BEGIN Provided data

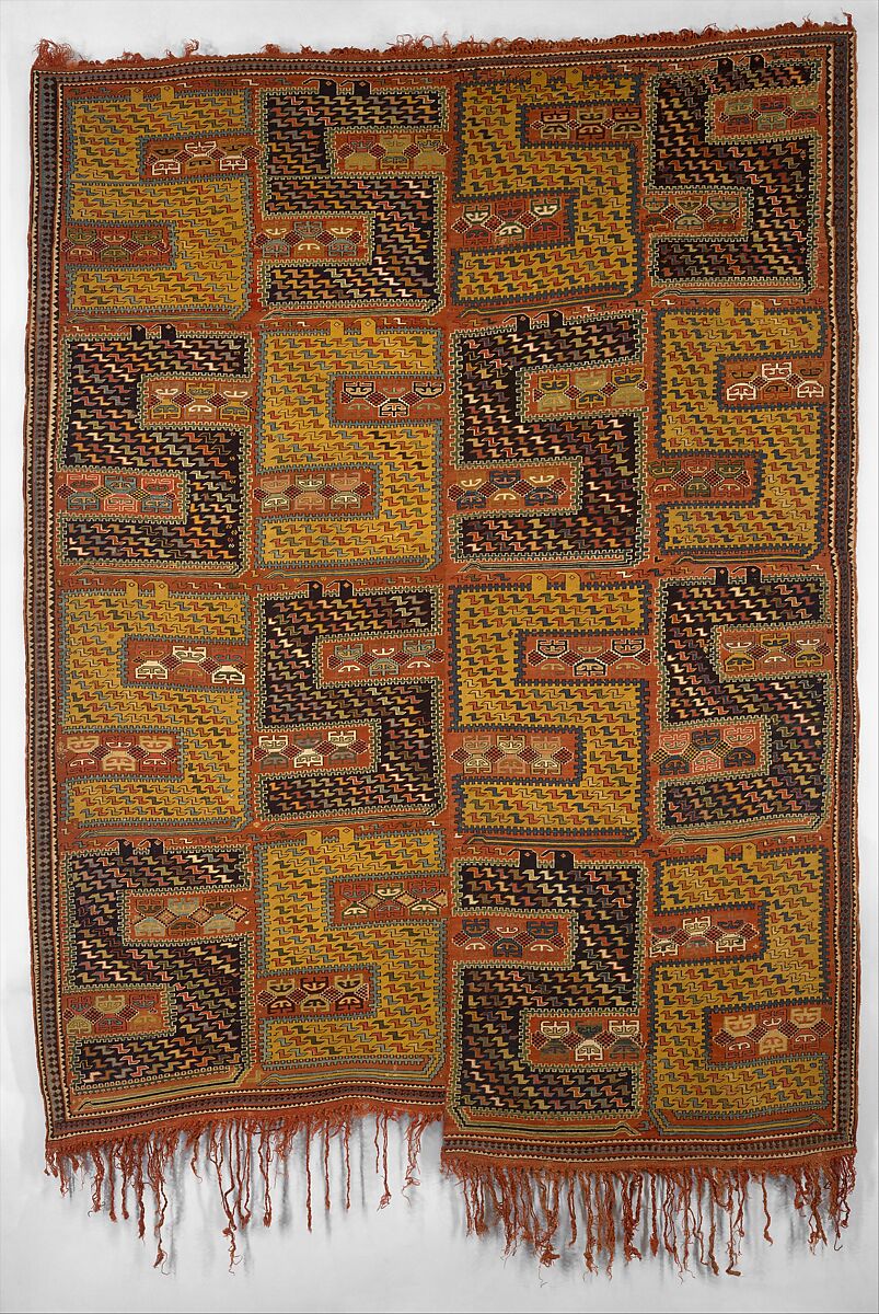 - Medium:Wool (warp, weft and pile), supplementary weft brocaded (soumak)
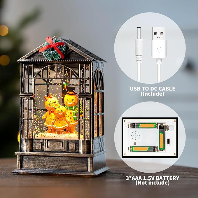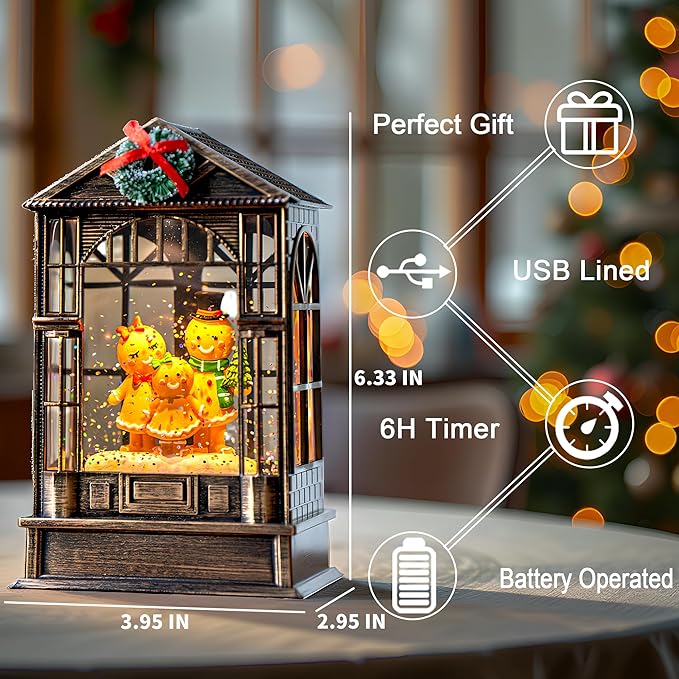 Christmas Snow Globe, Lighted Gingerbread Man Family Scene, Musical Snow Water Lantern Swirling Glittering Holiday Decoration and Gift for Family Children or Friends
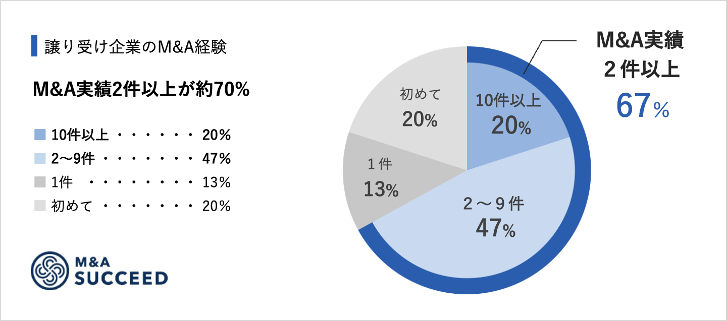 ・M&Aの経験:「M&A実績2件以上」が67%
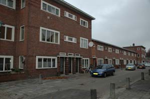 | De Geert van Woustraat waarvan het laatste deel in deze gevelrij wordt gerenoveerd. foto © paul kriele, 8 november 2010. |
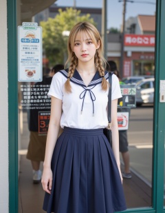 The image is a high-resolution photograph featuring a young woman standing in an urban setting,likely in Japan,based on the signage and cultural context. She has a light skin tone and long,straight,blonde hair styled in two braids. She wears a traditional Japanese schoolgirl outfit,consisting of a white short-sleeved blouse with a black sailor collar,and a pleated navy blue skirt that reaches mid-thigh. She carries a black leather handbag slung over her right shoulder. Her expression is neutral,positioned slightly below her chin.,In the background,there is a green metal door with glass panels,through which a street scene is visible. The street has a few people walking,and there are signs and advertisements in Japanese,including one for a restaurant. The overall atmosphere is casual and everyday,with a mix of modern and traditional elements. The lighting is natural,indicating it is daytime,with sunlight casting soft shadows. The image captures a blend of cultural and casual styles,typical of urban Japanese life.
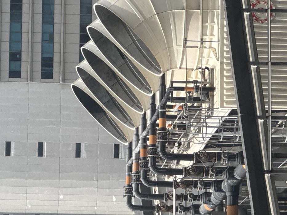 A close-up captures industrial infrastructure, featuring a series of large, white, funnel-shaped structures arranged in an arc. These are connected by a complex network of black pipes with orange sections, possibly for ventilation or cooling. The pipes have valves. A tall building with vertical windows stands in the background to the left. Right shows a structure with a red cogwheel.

END Provided data

The task =
Keep every word of the records above exactly, and return them with no pictures.

Response =
 - Medium:Wool (warp, weft and pile), supplementary weft brocaded (soumak)
 Christmas Snow Globe, Lighted Gingerbread Man Family Scene, Musical Snow Water Lantern Swirling Glittering Holiday Decoration and Gift for Family Children or Friends
 ・M&Aの経験:「M&A実績2件以上」が67%
 | De Geert van Woustraat waarvan het laatste deel in deze gevelrij wordt gerenoveerd. foto © paul kriele, 8 november 2010. |
 The image is a high-resolution photograph featuring a young woman standing in an urban setting,likely in Japan,based on the signage and cultural context. She has a light skin tone and long,straight,blonde hair styled in two braids. She wears a traditional Japanese schoolgirl outfit,consisting of a white short-sleeved blouse with a black sailor collar,and a pleated navy blue skirt that reaches mid-thigh. She carries a black leather handbag slung over her right shoulder. Her expression is neutral,positioned slightly below her chin.,In the background,there is a green metal door with glass panels,through which a street scene is visible. The street has a few people walking,and there are signs and advertisements in Japanese,including one for a restaurant. The overall atmosphere is casual and everyday,with a mix of modern and traditional elements. The lighting is natural,indicating it is daytime,with sunlight casting soft shadows. The image captures a blend of cultural and casual styles,typical of urban Japanese life.
 A close-up captures industrial infrastructure, featuring a series of large, white, funnel-shaped structures arranged in an arc. These are connected by a complex network of black pipes with orange sections, possibly for ventilation or cooling. The pipes have valves. A tall building with vertical windows stands in the background to the left. Right shows a structure with a red cogwheel.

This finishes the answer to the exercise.